Excerpted data –
────

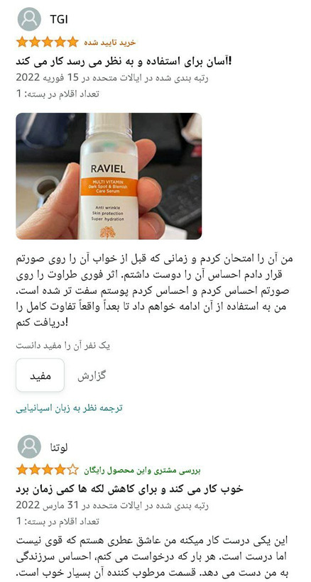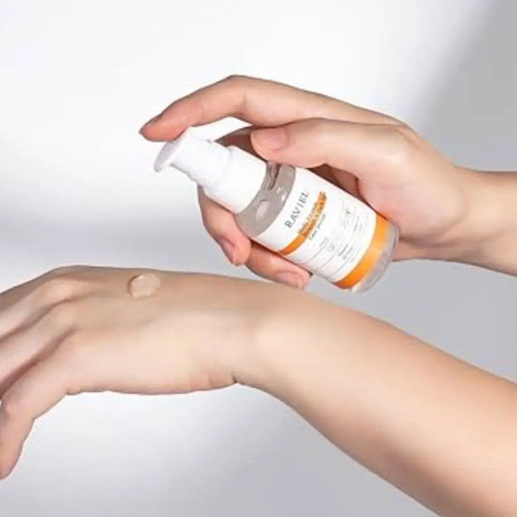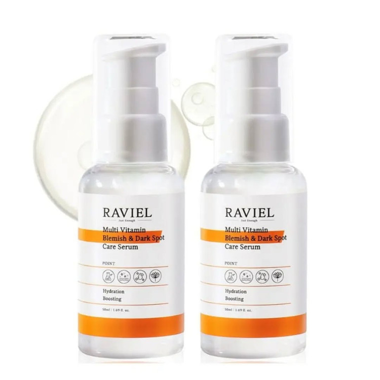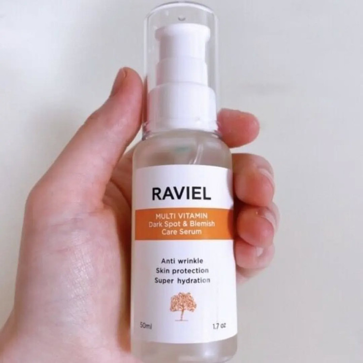 سرم مولتی ویتامین (ویتامین سی) روشن کننده و کمرنگ کننده جای جوش، یکدست کننده صورت، رفع چروک های ریز و کدری صورت و سفت کننده پوست همگی در یک محصول اونم از نوع سرم با بافت رقیق و سبک از برند raviel
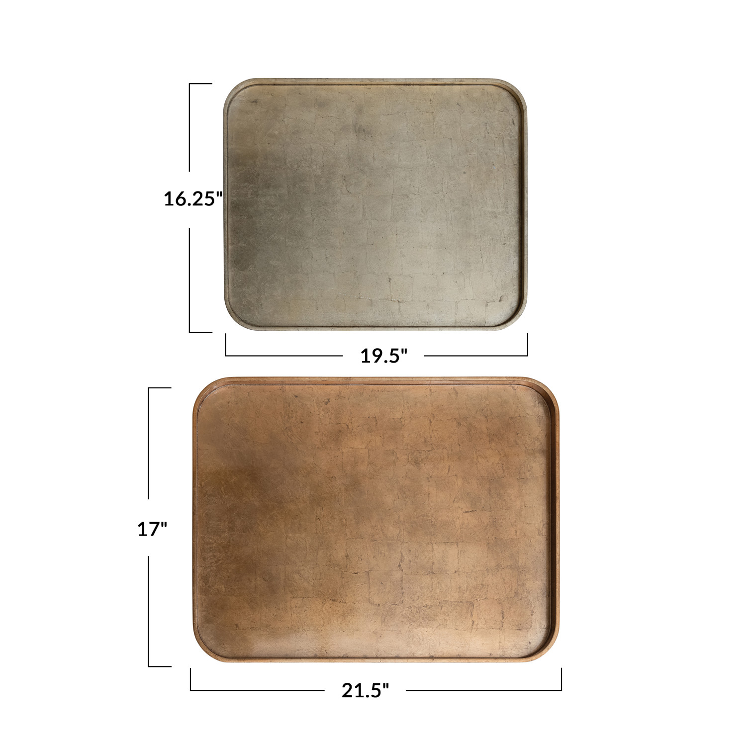 Catalog Name: 21-1/2"L x 17"W & 19-1/2"L x 16-1/4"W MDF Lacquered Trays w/ Foil, Copper & Gold Finish, Set of 2
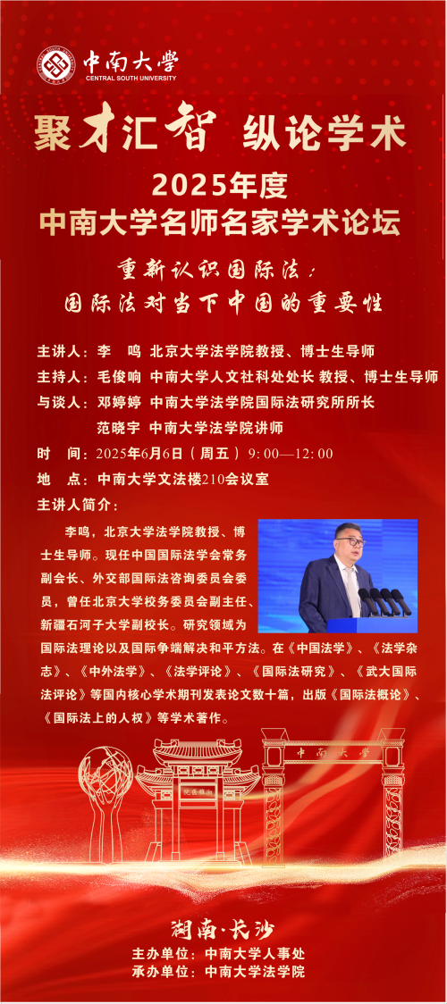 【讲座预告】李鸣:重新认识国际法:国际法对当下中国的重要性
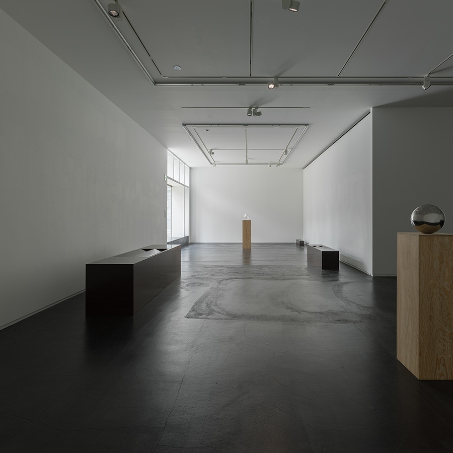 タカ・イシイギャラリーの六本木スペース、備え付けの重厚な黒壇のカウンターテーブル、黒いモルタルの床、L字の空間と奥から注ぐ自然光、外の大きな鉢植え。これはその空間自体を空間の中に反復する試みである。75%、50%、25%にそれぞれ縮小したカウンターテーブルのミニチュアは、オリジナルと同じ品質で、その為に全く別の機能性が示唆されるかもしれない。あるいは縮小される度に、空間やその意味さえも濃縮された象徴的なオブジェになる、その一連の過程であるとも言える。遠近法のイリュージョンによって、部屋全体がいつもより奥深く、より一層入り難く感じられることを想定している。
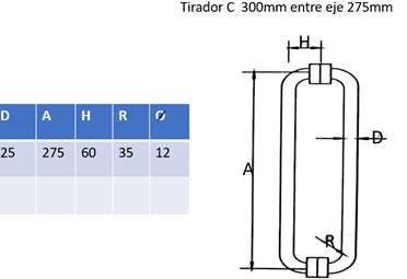 Tirador C 300mm SS304 Satín 25mm C:200 cantidad

────

Task requirements – Could you return all the entries exactly as they appear, minus the pictures?

Response to the task –
 سرم مولتی ویتامین (ویتامین سی) روشن کننده و کمرنگ کننده جای جوش، یکدست کننده صورت، رفع چروک های ریز و کدری صورت و سفت کننده پوست همگی در یک محصول اونم از نوع سرم با بافت رقیق و سبک از برند raviel
 Catalog Name: 21-1/2"L x 17"W & 19-1/2"L x 16-1/4"W MDF Lacquered Trays w/ Foil, Copper & Gold Finish, Set of 2
 【讲座预告】李鸣:重新认识国际法:国际法对当下中国的重要性
 タカ・イシイギャラリーの六本木スペース、備え付けの重厚な黒壇のカウンターテーブル、黒いモルタルの床、L字の空間と奥から注ぐ自然光、外の大きな鉢植え。これはその空間自体を空間の中に反復する試みである。75%、50%、25%にそれぞれ縮小したカウンターテーブルのミニチュアは、オリジナルと同じ品質で、その為に全く別の機能性が示唆されるかもしれない。あるいは縮小される度に、空間やその意味さえも濃縮された象徴的なオブジェになる、その一連の過程であるとも言える。遠近法のイリュージョンによって、部屋全体がいつもより奥深く、より一層入り難く感じられることを想定している。
 Tirador C 300mm SS304 Satín 25mm C:200 cantidad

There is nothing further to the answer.